The man had once been a famous author, or so Cal had heard. Although he didn’t know how famous. Fame was relative. At least Cal had seen the man’s name a few times on covers in bookstores. It embarrassed him now that he’d never gotten around to buying, much less reading, any of those books.
That last year Cal had run into the author several times, and the man had seemed a little crazier each time. He had seemed almost obsessed with words, especially the words that were now lost to him.
“I once had the perfect description for the kind of day it is today. Blue sky and all. It was only thirty or forty words, and they were perfection. I wrote that description down– appropriately enough– in a little blue notebook. And then promptly lost the notebook. It was as if I’d lost the feeling, the perception itself, you know? As a result I never felt quite the same way about such a day again.
“Poe created his own emotions, you know? He didn’t feel the particular despairs he was prone to until he had first written them down. ‘Nevermore.’ That word alone summons despair, don’t you think? ‘My soul from out that shadow that lies floating on the floor shall be lifted nevermore.’ If you think crazy thoughts, then you become a crazy man. Makes a lot of sense, don’t you think? Me, I’m trying to think as sanely as possible.
“Frost wasn’t a very good father, or so I have read.
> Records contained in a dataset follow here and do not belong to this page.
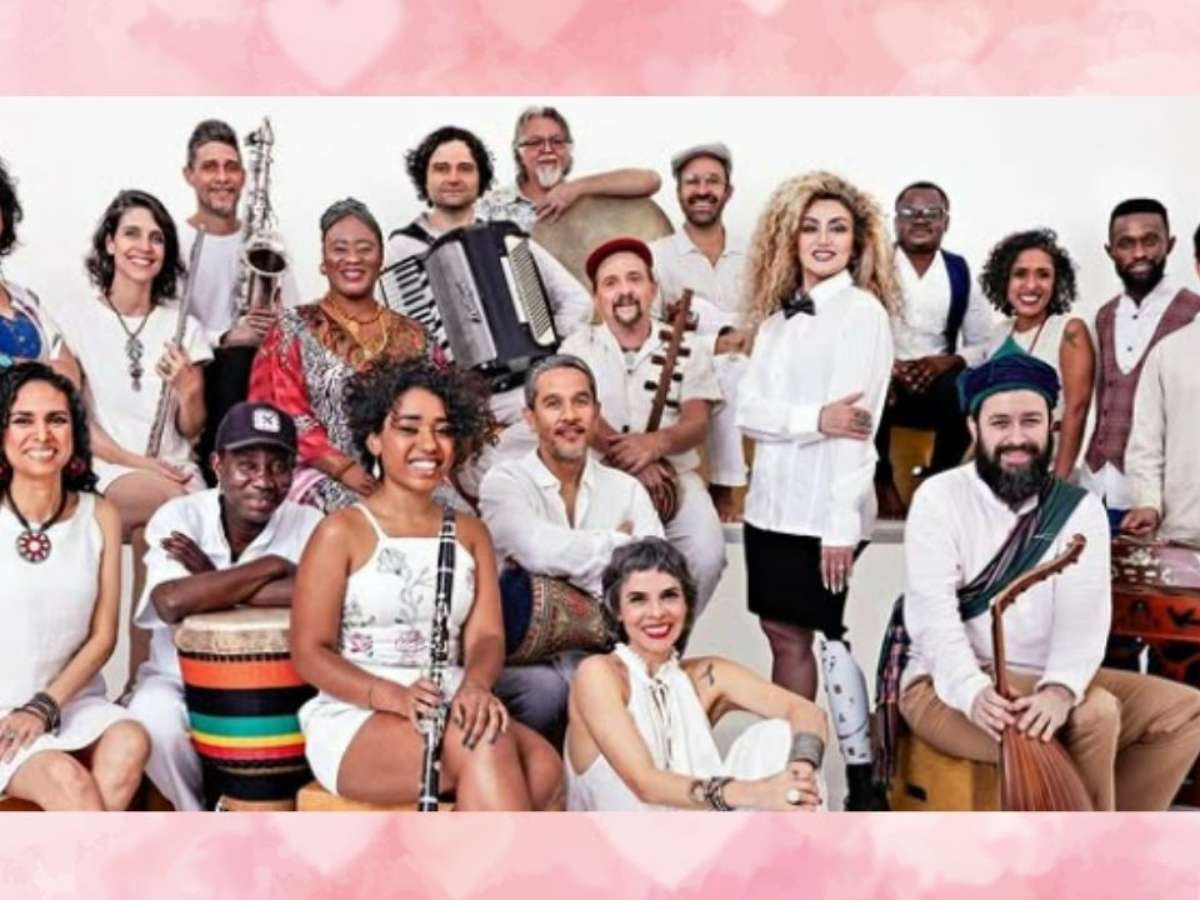 Criada pelo multi-instrumentista Carlinhos Antunes, a orquestra é uma verdadeira viagem cultural, misturando ritmos árabes, africanos, latinos e asiáticos em arranjos que passam por clássicos de Milton Nascimento e Chico Buarque, além de composições autorais. Ao todo, são 21 artistas de lugares como França, Cuba, Palestina, Síria, Congo, Haiti, Irã, Guiné-Conacri e várias regiões do Brasil — cada um trazendo sua bagagem musical e cultural para o palco.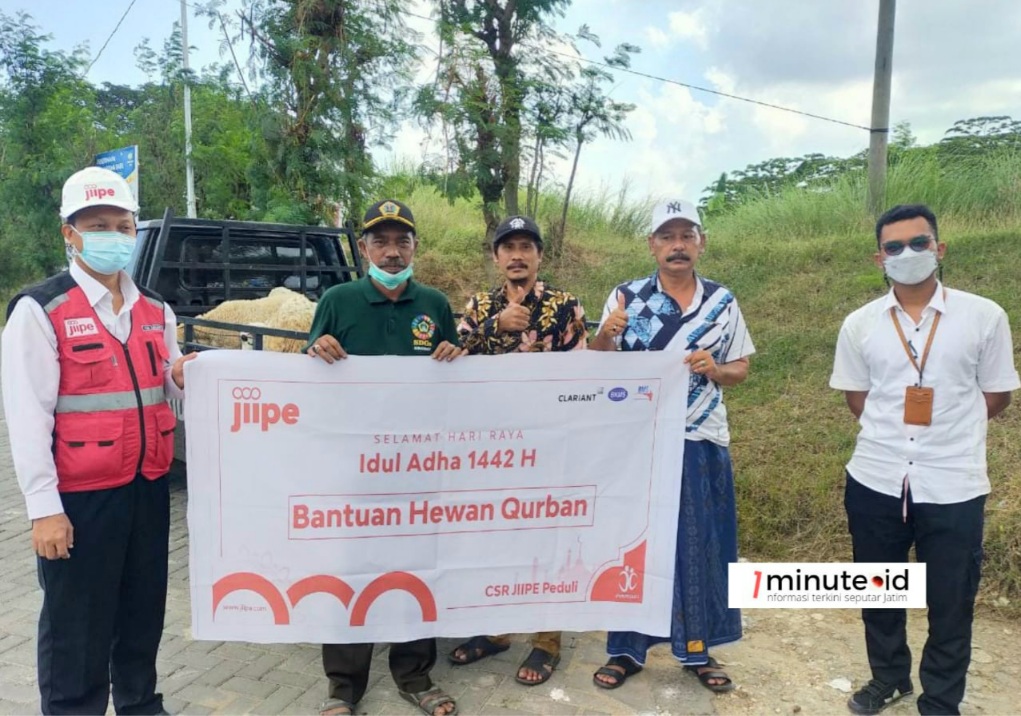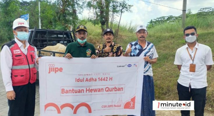 GRESIK,1minute.id – Menyambut Hari Raya Idul Adha 1442 Hijriah, Kawasan Industri JIIPE menyerahkan bantuan hewan kurban 3 ekor sapi dan 18 ekor kambing kepada masyarakat sekitar pada Selasa, 20 Juli 2021.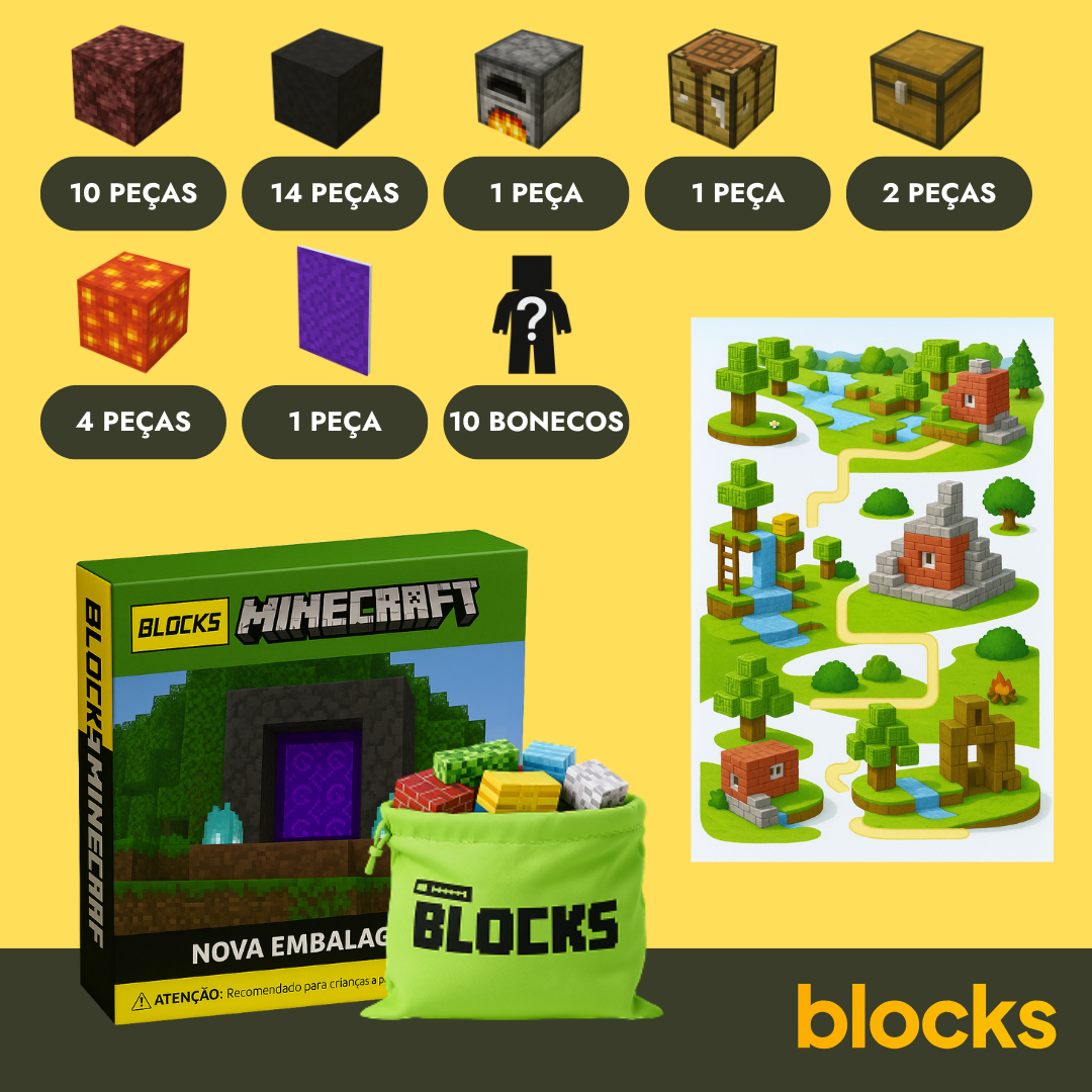 Esquenta Dia das Crianças Minecraft - 48/64/75 peças [+5 Personagens GRÁTIS]
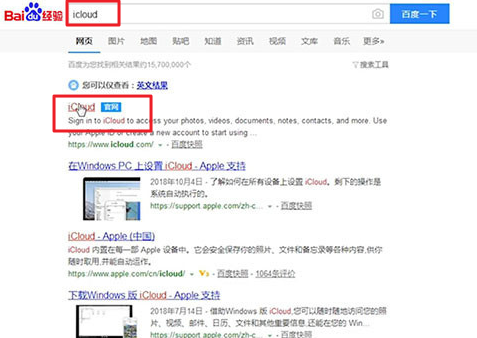 1、打开百度浏览器,在搜索框里面呢搜索iclohd,然后点击官网进入。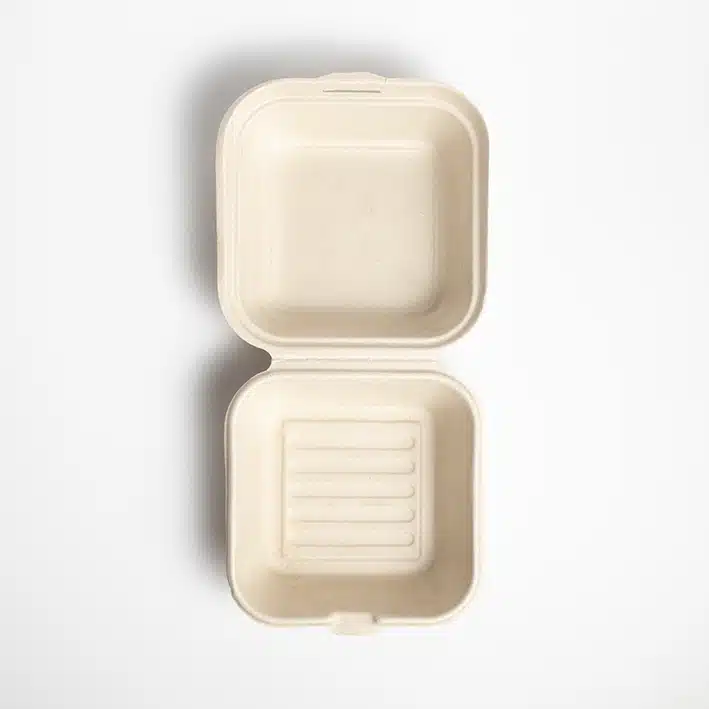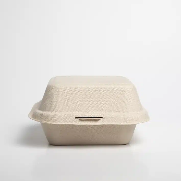 Contenedor hamburguesero biodegradable 6x6x3. Hecho a base de bagazo de trigo. Material biodegradable y compostable. Soporta microondas y congelador. No escurre ni absorbe. Su degradación se da entre los 90 y los 180 días en composta industrial.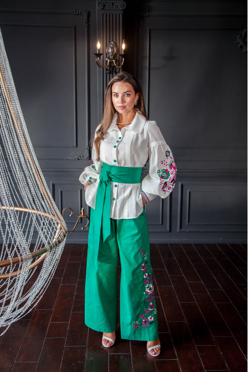 Жіночий вишитий костюм Верховина(зелений) складається з вишиванки, штанів та пояса.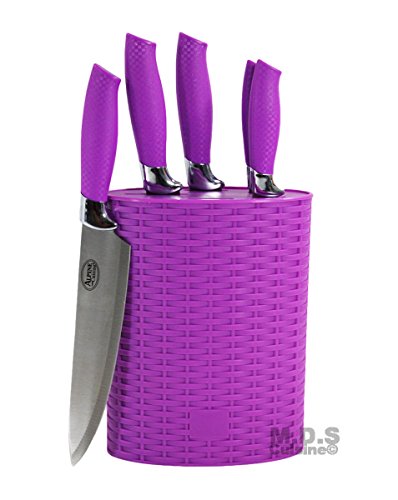Knife Set 6 Pc Modern Stainless Steel Purple Block Kitchen Chef Knife,Utility Knife,Paring Knife,Steak Knife,Bread Knife,Knives Cutlery New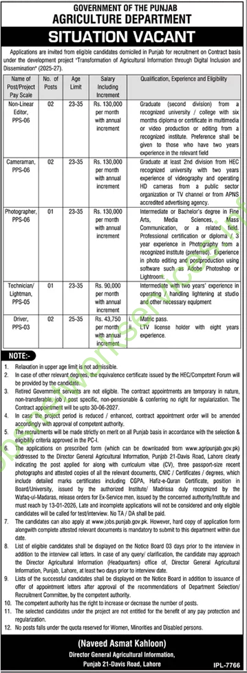 - Applications must reach the Director General Agricultural Information, Punjab, 21-Davis Road, Lahoreby 13-01-2026.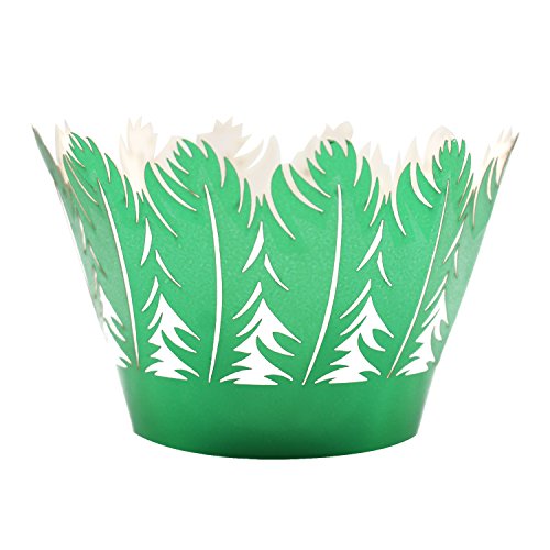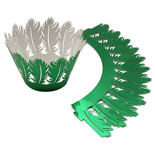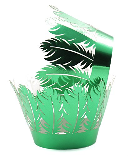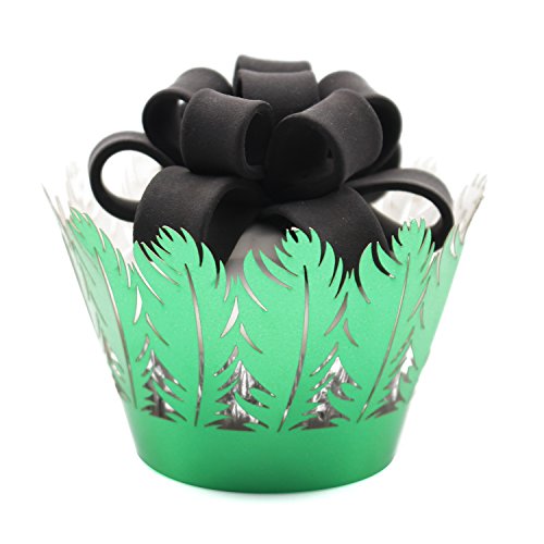 KEIVA Pack of 50 Filigree Artistic Muffin Case Cupcake Paper Cup Liner Little Vine Lace Laser Cupcake Wrappers for Wedding Party Birthday Decoration (Mirror Green)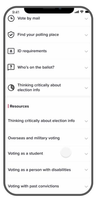 The new feature will allow users to access state-by-state election information, including details on how to register to vote, how to vote by mail, how to find your polling place and more, provided by TikTok partner NASS (the National Association of Secretaries of State). TikTok also newly partnered with Ballotpedia to allow users to see who’s on their ballot, and is working with various voting assistance programs — including the Center for Democracy in Deaf America (for deaf voters), the Federal Voting Assistance Program (overseas voting), the Campus Vote Project (students) and Restore Your Vote (people with past convictions) — to provide content for specific groups. The AP will continue to provide the latest election results in the Elections Center.

I did not know the man personally, unless my intimate knowledge of his poetry counts for something. ‘I have been one acquainted with the night,’ and all that. I understand that– I could say the same of myself. But it would be a shame if Frost was a bad father. Poets should be very good fathers, don’t y
ou think? They have their fingers on the origins of words, they know them intimately. They know how language begins; they understand the impulse behind the first urges to speak. So they should be more than adequate caretakers for the early years of a life. ‘Whose woods these are I think I know.’ No doubt they were owned by the king, for the king is the owner of all the woods. It is a matter of tradition.
“I am a king, you know, the king of all you see. I’ve kept it hidden over the years, a well-kept secret I’m sure you’ll agree, I had to, you see, for no really loves the king. They may fear him they may even respect him but no one really loves him not even his wife. But at the end of one’s life your secrets simply weigh too much and it’s best to release them. Being king has its advantages certainly– you get to make up all the words the ones in your kingdom use because you own them, you see, but your children won’t love you since children naturally hate a monarch and besides, it’s lonely at the top.”
JAN. 30
1933: “The Lone Ranger” debuts on radio.
Sometimes the depth to which he had betrayed Linda took his breath away, jarring him from a deep sleep. In the shadows of his bedroom he thought he could see his own eyes floating, a shadowy mask surrounding them, changing them forever.
Linda had always feared secrets more than anything else. “When I found out who my father really was,” she told Cal one time, “I was shocked. He was nothing like what he’d always presented himself to be. That had only been his mask, his secret identity. I never even knew the man.”
Now, Cal was sure, she must be thinking that he, too, had lied to her all those years. How could he make her understand that the Lone Ranger’s secret identity was sometimes a surprise even to the Lone Ranger himself?
JAN. 31
1872: western novelist Zane Grey is born in Zanesville, Ohio.
He was a man with a gun.
He rode tall in the saddle.
He had eighty-three notches in the handle.
It looked as if the beavers had gotten to it.
All the men feared and respected him.
He was silent and strong and showed no fear.
In various towns he had thirty-two children he had neither seen, nor loved, nor applauded when they took their first steps.